Het voetbal werd door de twee broers weliswaar beter, maar het was vooral trainer Koetsier die de juiste puntjes op de I zette, samen met het feit dat meer en meer spelers hun weg wisten te vinden naar de velden op de Schelp. Ad: ‘Rick Kok, Jan Wachteveld, Henk Georg, Charlie Grimme en Henk Aernaudts om maar een paar voorbeelden te noemen, zorgden echt voor een boost. Maar eigenlijk ging het vooral lopen toen Harry Bies erbij kwam. Konden we lekker ver naar voren voetballen.’ ‘Ja, en kon ik mooi af en toe een gaatje laten vallen, want Henk en Harry liepen toch wel alles dicht,’ lacht Rob. Sowieso was de mentaliteit van Rob regelmatig een puntje van aandacht. ‘Ik ging soms gewoon 2 weken niet trainen omdat ik geen zin had. Ad stond dan regelmatig bij mij voor de deur om mij op te halen en ook de trainer vroeg me of ik dan niet gewoon af en toe wilde komen, zodat hij geen scheve gezichten in de selectie zou krijgen als hij mij gewoon opstelde.’ Waar Rob de flegmatieke voetballer was, was Ad het tegenovergestelde. ‘Ik was zo fanatiek dat als ik op de training een partijtje verloor, ik daar echt chagrijnig van was en op zondag had ik echt moeite om mijn bed uit te komen. Dan moest ik gewoon liggend mijn kleren aan doen omdat ik echt alles had gegeven.’ Ondanks de verhuizing vanuit Amsterdam naar Biddinghuizen, bleven de heren echte straatvoetballers. ‘Hakjes, steekballetjes, lekker dollen dat deden we allebei. Maar ja, in de speeltuin op het pleintje leer je niet anders hè’. Toen in een thuiswedstrijd tegen concurrent Olde Veste de tegenstander dan ook een mannetje speciaal op Ad zette, wist hij hier met zijn straatslimheid wel raad mee. ‘Die jongen schopte me aan alle kanten en week geen meter van me. Uiteindelijk liep hij een keer achteruit waarin ik snel op mijn hurken ging zitten en hij zo over mij heen kukelde. Hij was zo opgefokt dat hij niet meer aan voetballen toe kwam en ik er uiteindelijk voor kon zorgen dat Rob de winnende goal kon maken.’

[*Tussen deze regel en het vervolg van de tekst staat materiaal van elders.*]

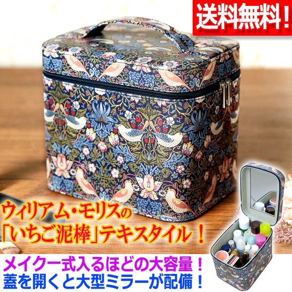 ウィリアム・モリスの「いちご泥棒」ミラー付きコスメボックス( 化粧ケース 持ち運び メイクBOX 大容量 大型ミラー レディース)

Dat BAS steeds succesvoller werd bleek wel uit het feit dat mensen uit Dronten en Swifterbant zelfs de moeite namen om te komen kijken met soms wel meer dan 500 mensen langs de lijn als resultaat. Ook al speelde BAS toen het hoogste van de gemeente, er had volgens beide broers meer ingezeten. ‘Ik weet nog goed dat ik bij de laatste promotie met burgemeester Eppo (Veldhuizen –red) een gesprek had waarin ik zei dat we nu eigenlijk een team zouden moeten hebben met de beste voetballers van BAS, Swift en ASVD zelfs eventueel compleet met een paar jeugdelftallen, maar ja dat zag niemand zitten bij BAS.’ Waarna Rob aanvult: ‘Kijk wij waren succesvol met de voetbal, maar toen was BAS nog een omni vereniging en het zorgde toch voor wat scheve gezichten bij de andere verenigingen. Maar ja, BAS was toch een soort van speeltuinvereniging. De echte ambitie was er niet. Ik heb zelfs toen voorgesteld om 3x in de week te gaan trainen om hoger op te komen. Ik hè! Oké, zelf was ik dan misschien 2x in de week gegaan, maar toch,’ voegt hij er lachend aan toe.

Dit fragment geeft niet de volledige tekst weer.